__Work order__. Every line from the one containing "Bright strawberries lie" through the end of the listing below goes in the output, exactly and without pictures.

__Source data__.
::::::
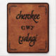 Use este mousepad de couro utilizado ferramentas falso e mostre seu orgulho Cherokee. É nervoso e muito mais fácil tomar de do que o couro real. A palavra CHEROKEE aparece em letras inglesas, Cherokee, e na pronunciação Cherokee.
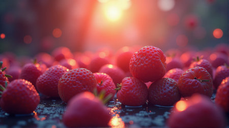 Bright strawberries lie scattered in a lush field, glowing under the warm sunset and highlighting their fresh, vibrant appeal.
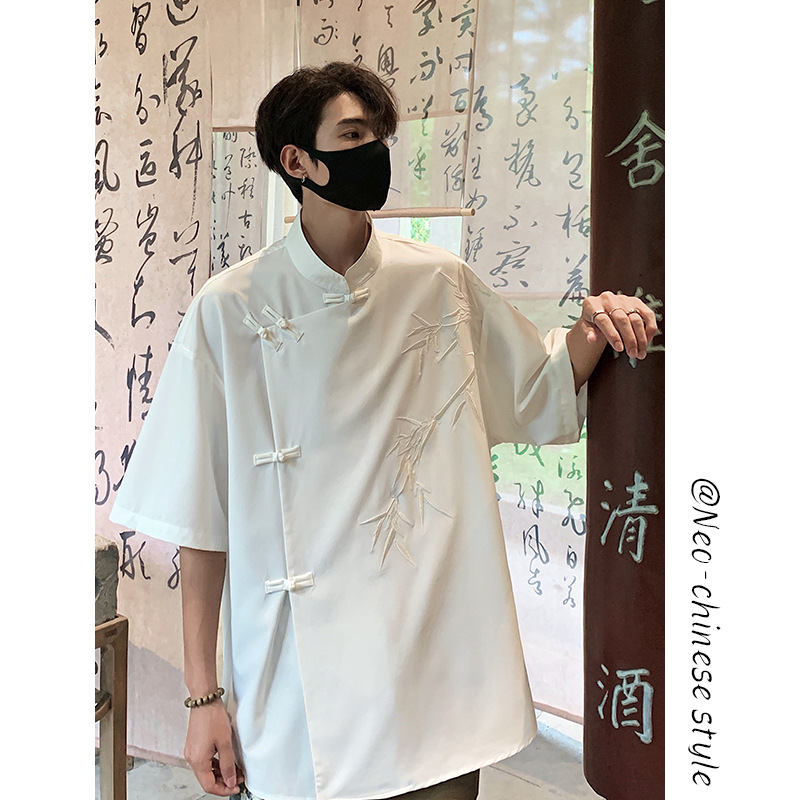 新中式盘扣短袖衬衫男夏季冰丝竹子刺绣衬衣宽松设计感中国风上衣
::::::
__Exercise output__.
 Bright strawberries lie scattered in a lush field, glowing under the warm sunset and highlighting their fresh, vibrant appeal.
 新中式盘扣短袖衬衫男夏季冰丝竹子刺绣衬衣宽松设计感中国风上衣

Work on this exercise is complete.